The thing that has kept me from setting my home server up like that is security. It's much easier to let Google/Amazon/Dropbox/etc. worry about keeping things secure and reliable than for me to have to duplicate that effort. I use Unraid on my server, and know there are some plugins to put it on the web, but worry about then having to secure my otherwise very-streamlined file server.


----------



## roasted (Jan 23, 2012)

hyunelan2 said:


> The thing that has kept me from setting my home server up like that is security. It's much easier to let Google/Amazon/Dropbox/etc. worry about keeping things secure and reliable than for me to have to duplicate that effort. I use Unraid on my server, and know there are some plugins to put it on the web, but worry about then having to secure my otherwise very-streamlined file server.


I was actually surprised how easy it was to set up. In fact, at first I was raging at the thing because I couldn't get it to work. Any time PHP and MySQL are involved I can't help but to think it's going to be quite a task to get things moving. All I really did was download the tarball and move it to the already installed Apache directory. When I installed MySQL-server it asked for a root password, so I created one there of course. But once I fired up the web interface it actually self configured everything else, including creating a new user when I put in the user/pw I wanted. That was uh.. that was it. 

What's nice is I have my own personal server limited only to my raid array size... I talked to some guy who had OwnCloud set up with 8TB. Can't get that from Dropbox. 

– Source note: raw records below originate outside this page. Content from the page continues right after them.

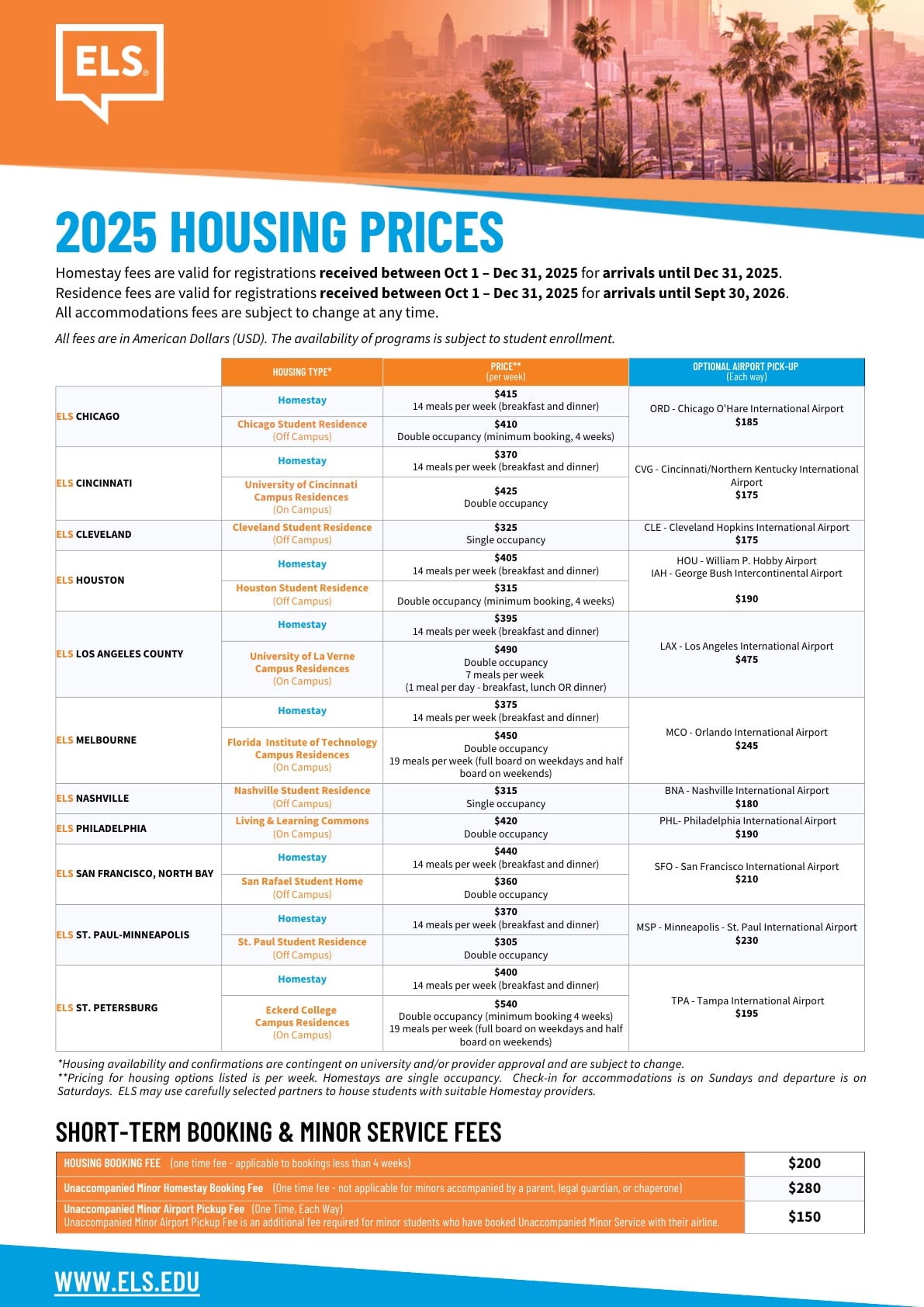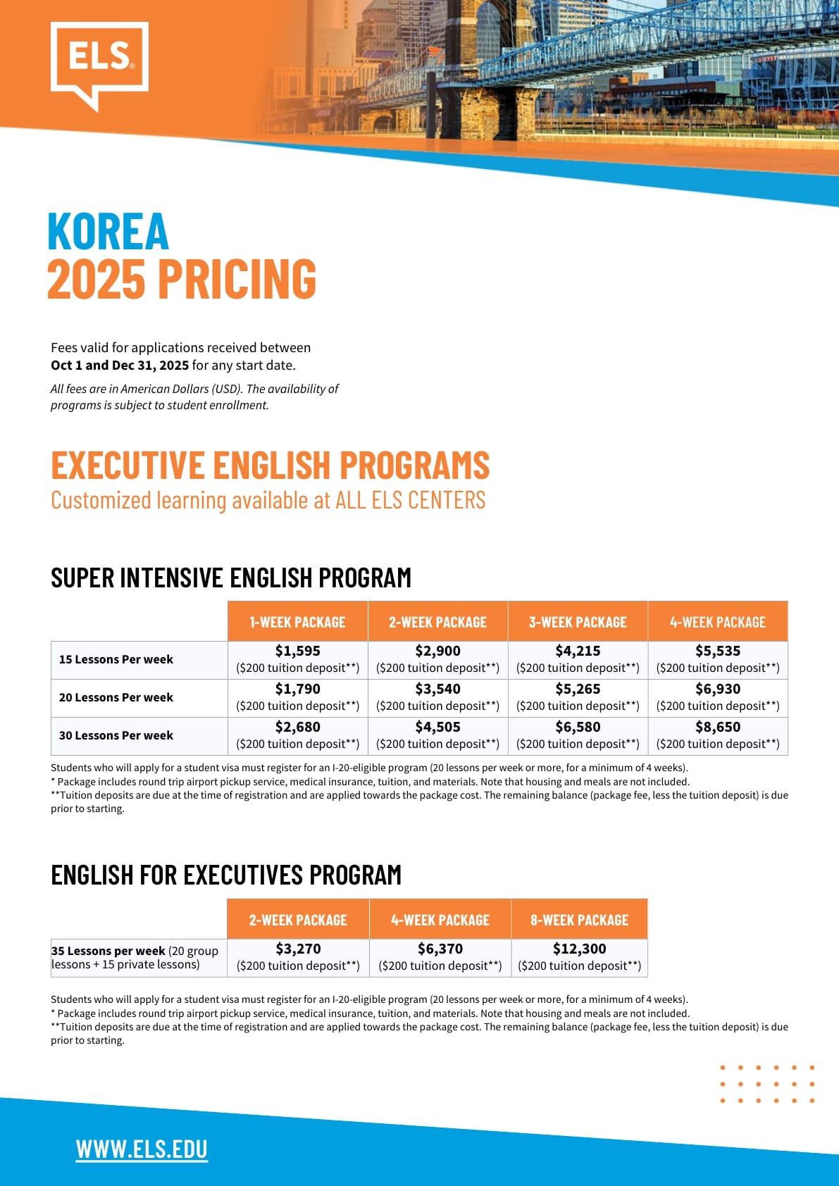 어학연수 ELS 어학원 미국 학비표 Ver.2025.09.29 유학피플 문의 02-554-8666 05 9월 2024 • 1 min read 기숙사 비용 (2025년 10월 ~12월)기숙사 및 홈스테이 약관 2025년 10월~12월 프로모션
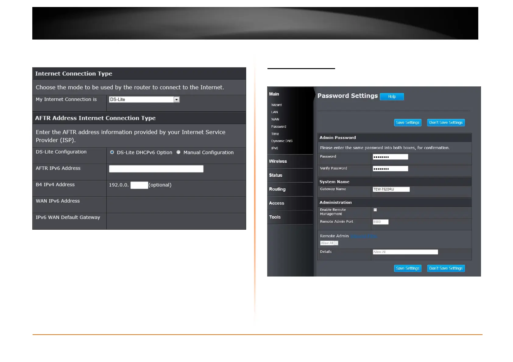 AFTR IPv6 Address: When Manual Configuration is selected in DS-Lite
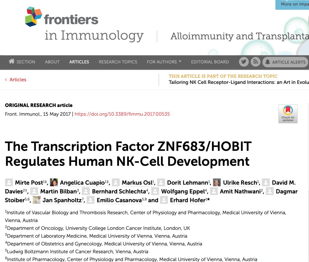 - Post M, Cuapio A, Osl M, Lehmann D, Resch U, Davies DM, et al. The Transcription Factor ZNF683/HOBIT Regulates Human NK-Cell Development. Front Immunol. 2017;8:535.
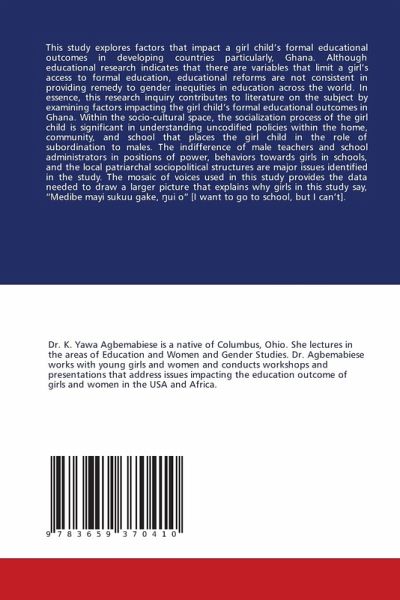 This study explores factors that impact a girl child s formal educational outcomes in developing countries particularly, Ghana. Although educational research indicates that there are variables that limit a girl s access to formal education, educational reforms are not consistent in providing remedy to gender inequities in education across the world. In essence, this research inquiry contributes to literature on the subject by examining factors impacting the girl child s formal educational outcomes in Ghana. Within the socio-cultural space, the socialization process of the girl child is significant in understanding uncodified policies within the home, community, and school that places the girl child in the role of subordination to males. The indifference of male teachers and school administrators in positions of power, behaviors towards girls in schools, and the local patriarchal sociopolitical structures are major issues identified in the study. The mosaic of voices used in this study provides the data needed to draw a larger picture that explains why girls in this study say, Medibe mayi sukuu gake, ui o [I want to go to school, but I can t].
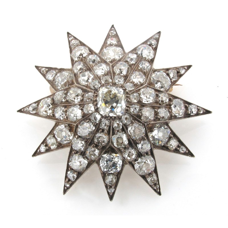 A late Victorian diamond set star brooch, centred with a cushion shaped diamond and further graduated smaller diamonds set to the twelve rays. In silver and gold. Detachable brooch fitting. Fitted case.

Not to mention, Dropbox and other services aren't 100% hack proof either. Mitt Romney, granted him being a political icon defaults him to having a bigger target on his back than any average user would, but supposedly his Dropbox was hacked ~2 weeks ago. I still use Dropbox and the security hasn't once phased me. I like the OwnCloud idea because it's on my own server with me managing things the way I want, setting up users as I want, and having virtually unlimited disk space as long as I have hard drives big enough to accommodate it accordingly. :thumbup:

FYI - How do you like your Elantra? I have an 01... 170k hard miles, factory clutch, still purring. Flipping love that company. :thumbsup:


----------